EXTRACTED MATERIAL START

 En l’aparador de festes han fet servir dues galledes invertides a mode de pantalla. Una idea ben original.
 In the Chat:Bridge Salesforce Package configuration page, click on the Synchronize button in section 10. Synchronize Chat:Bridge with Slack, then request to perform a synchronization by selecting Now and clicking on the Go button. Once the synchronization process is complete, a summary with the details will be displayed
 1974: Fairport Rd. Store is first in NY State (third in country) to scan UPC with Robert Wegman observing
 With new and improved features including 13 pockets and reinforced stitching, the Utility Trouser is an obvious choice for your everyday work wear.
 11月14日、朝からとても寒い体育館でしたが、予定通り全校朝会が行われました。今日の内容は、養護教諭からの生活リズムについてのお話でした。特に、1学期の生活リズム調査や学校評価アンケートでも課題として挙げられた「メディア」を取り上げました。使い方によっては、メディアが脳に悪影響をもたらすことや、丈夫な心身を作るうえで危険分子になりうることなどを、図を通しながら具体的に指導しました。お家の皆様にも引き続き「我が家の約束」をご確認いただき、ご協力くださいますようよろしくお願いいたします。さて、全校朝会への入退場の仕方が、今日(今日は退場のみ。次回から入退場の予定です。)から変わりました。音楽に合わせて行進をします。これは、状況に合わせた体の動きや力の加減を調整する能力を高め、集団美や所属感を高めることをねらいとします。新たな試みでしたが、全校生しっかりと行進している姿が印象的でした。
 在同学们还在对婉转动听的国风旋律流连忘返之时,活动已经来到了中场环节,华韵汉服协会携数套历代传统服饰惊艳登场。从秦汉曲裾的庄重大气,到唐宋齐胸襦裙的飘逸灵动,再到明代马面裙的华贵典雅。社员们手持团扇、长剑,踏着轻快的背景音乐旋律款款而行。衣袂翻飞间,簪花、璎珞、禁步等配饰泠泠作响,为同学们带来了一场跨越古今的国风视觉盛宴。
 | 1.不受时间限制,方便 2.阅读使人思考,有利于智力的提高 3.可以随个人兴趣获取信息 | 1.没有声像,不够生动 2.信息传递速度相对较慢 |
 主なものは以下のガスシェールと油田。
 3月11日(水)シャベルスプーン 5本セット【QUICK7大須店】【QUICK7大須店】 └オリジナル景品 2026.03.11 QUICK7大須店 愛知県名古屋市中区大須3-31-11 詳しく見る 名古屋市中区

EXTRACTED MATERIAL END
EXTRACTED MATERIAL START

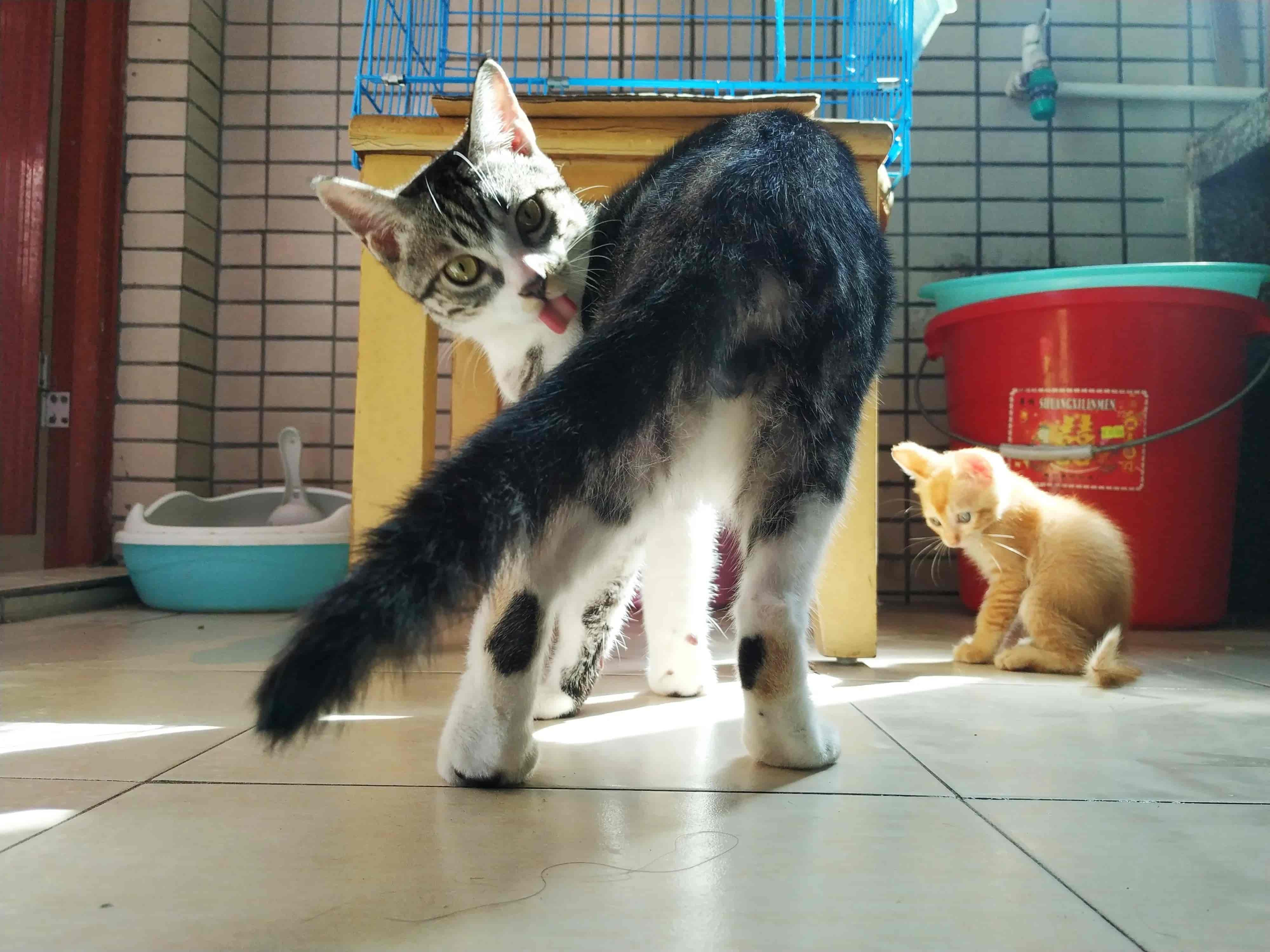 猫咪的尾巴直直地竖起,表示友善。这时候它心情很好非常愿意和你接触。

EXTRACTED MATERIAL END

§ THE TASK: Everything from the line with "1.没有声像,不够生动 2.信息传递速度相对较慢 |" through the line with "3月11日(水)シャベルスプーン 5本セット【QUICK7大須店】【QUICK7大須店】 └オリジナル景品" in the listing above must be retyped exactly, with nothing added.

§ WRITTEN REPLY:
 | 1.不受时间限制,方便 2.阅读使人思考,有利于智力的提高 3.可以随个人兴趣获取信息 | 1.没有声像,不够生动 2.信息传递速度相对较慢 |
 主なものは以下のガスシェールと油田。
 3月11日(水)シャベルスプーン 5本セット【QUICK7大須店】【QUICK7大須店】 └オリジナル景品 2026.03.11 QUICK7大須店 愛知県名古屋市中区大須3-31-11 詳しく見る 名古屋市中区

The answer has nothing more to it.